すると由樹乃は慌てたように首をぶんぶん振った。それに合わせて、少し明るい色の肩までのボブカットが風を切って広がる。

 彼女はいつも表情がくるくると変わって、見ていて飽きないと思う。


「あ、それより聞いてくださいよ」 

「何か良いことでもあったの?」

「あの押し花の栞、一年生に配ったら凄く好評ですぐなくなっちゃいました。また作ってもらえます?」

「それはいいけれど、花さえ用意すれば誰でも簡単にできるものよ」

 由樹乃は、今度は大袈裟に呆れるジェスチャアをして見せた。

「わかってないなぁ――。汐里さんが作った栞だからいいんですよ」

「なにそれ――。駄洒だじゃれ?」

「薄々感づいてはいましたけど、汐里さん、ご自分が下級生に人気があるってこと良くわかってないですよね。汐里さんに会いたくてここに来る子だっているんですよ」

「それは、正直喜んで良いのか複雑なところなんだけれど……」

「良いじゃないですか、きっかけは何だって。そこから本が好きになって貰えれば」

 確かに彼女の言い分はもっともだと思う。

 そもそも、汐里だって人のことを言えた義理ではない。

 汐里は思わず感心した声で言った。

「由樹乃さんも、たまには良いこと言うのね」

「たまには、は余計ですっ。もう、本気で感心しないでくださいよー!」


 由樹乃の百面相を存分に堪能してから、

「――ところで、すみれさんたちは?」

 汐里はまだ顔を見せない二年生の名前を出して訊ねた。

「多分ですけど、部活の方に顔を出してから来るつもりだと思います」

「そう。由樹乃さんが早く来てくれて助かったわ。良かったら、返却の残りをお願いしてもいい?」

「はい! まかせてくださいっ」

 汐里に頼りにされることがよほど嬉しいのか、由樹乃は子犬がしっぽを振るように答えると、すぐさま作業に取り掛かった。

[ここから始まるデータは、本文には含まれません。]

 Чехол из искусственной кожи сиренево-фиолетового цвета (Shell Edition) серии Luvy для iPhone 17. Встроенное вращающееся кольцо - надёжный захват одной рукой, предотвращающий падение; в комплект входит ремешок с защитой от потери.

 その様子を微笑ましく見届けてから、汐里はいよいよ棚上げにしていた仕事に取り掛かることにした。


 事務室へ向かう途中で柱時計をちらと見上げ、そろそろ利用者がやって来る頃合いかしら、と思う。


 校内での宣伝活動が功を奏して、少しずつ図書室の利用者は増えている。

 とくに今年の四月――、

 新校舎の完成と時を同じくした、一年生の入学当初の人入りひといりは記憶に新しく、それは何十年もこの学院の図書室を見守って来た顧問の宮田をして、かつての全盛期もかくやと言わしめるほどの盛況ぶりだった。

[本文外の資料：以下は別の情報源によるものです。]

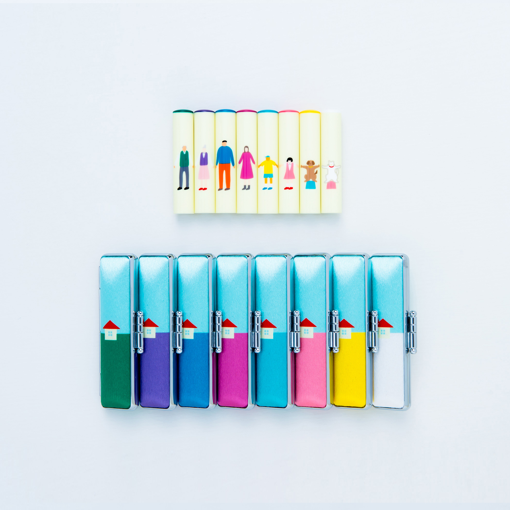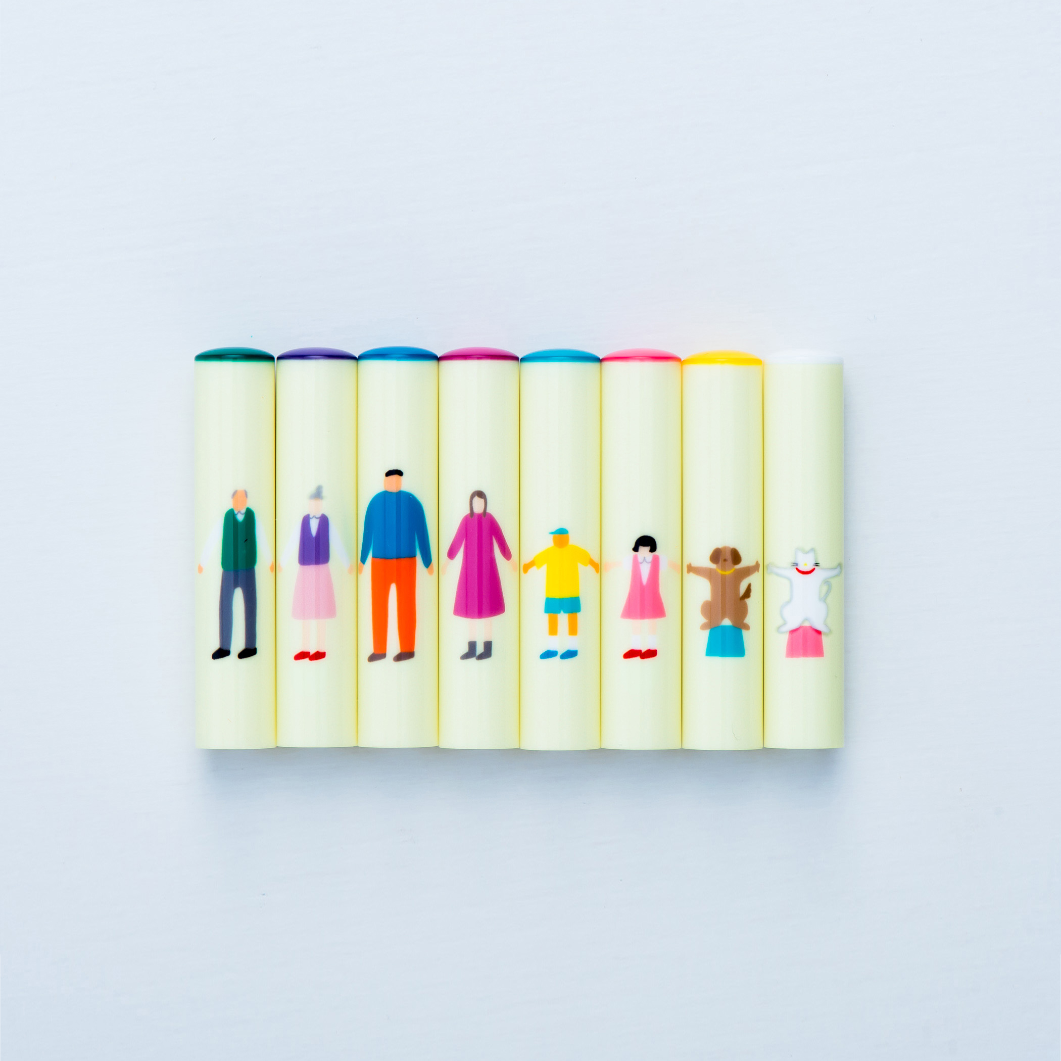 結婚して名前がおそろいになったことを祝して、ペア印鑑と「結婚生活に向けた約束」が刻印された印鑑ケースセット「おそろいんかん」。 手つなぎは「家族の絆」をモチーフにした樹脂製の印鑑です。 印鑑には祖父から猫ちゃんまでご家族全員が手をつないでいるデザイン。 印鑑ケースには一家を表現したお家が描かれています。 印鑑ケース内部には、結婚生活に向けて夫婦で決めた約束・記念の言葉を印字することができます。 祖父、祖母、父、母、息子、娘、犬、猫の8柄からお選びください。 入籍したふたりのおそろいの記念として、新しい家族への贈り物として、ご家族みんなが繋がるおそろいの小物として. 結婚した友達へのお祝いとして等、ギフトとしてもお使いいただけます。

 それから半年近くが経過して、生まれたての雛のようだった新入生もそれぞれの落ち着く先を見つけ終えた今日この頃。今も継続的に図書室を訪れるのは、ほぼ決まった顔ぶれとなっている。

 けれど、それでも時たまに、

 汐里の見知らぬ生徒がふらりと迷い込むようにやってくることがある。

 巣立ちの時期を逃して、取り残された鳥のように。

 ちょうど、二年前の汐里のように。


 汐里はあの頃とほとんど変わらぬこの場所で、あの頃には想像できないくらいの多くの生徒に出会った。少なくとも二度以上訪れてくれた生徒の顔は忘れていないつもりだけれど、そろそろそれも怪しくなってきた。

 紙の本に初めて触れるような生徒が図書室を好きになってくれるのは嬉しかったし、おかげで汐里自身も今まで以上に本が好きになった。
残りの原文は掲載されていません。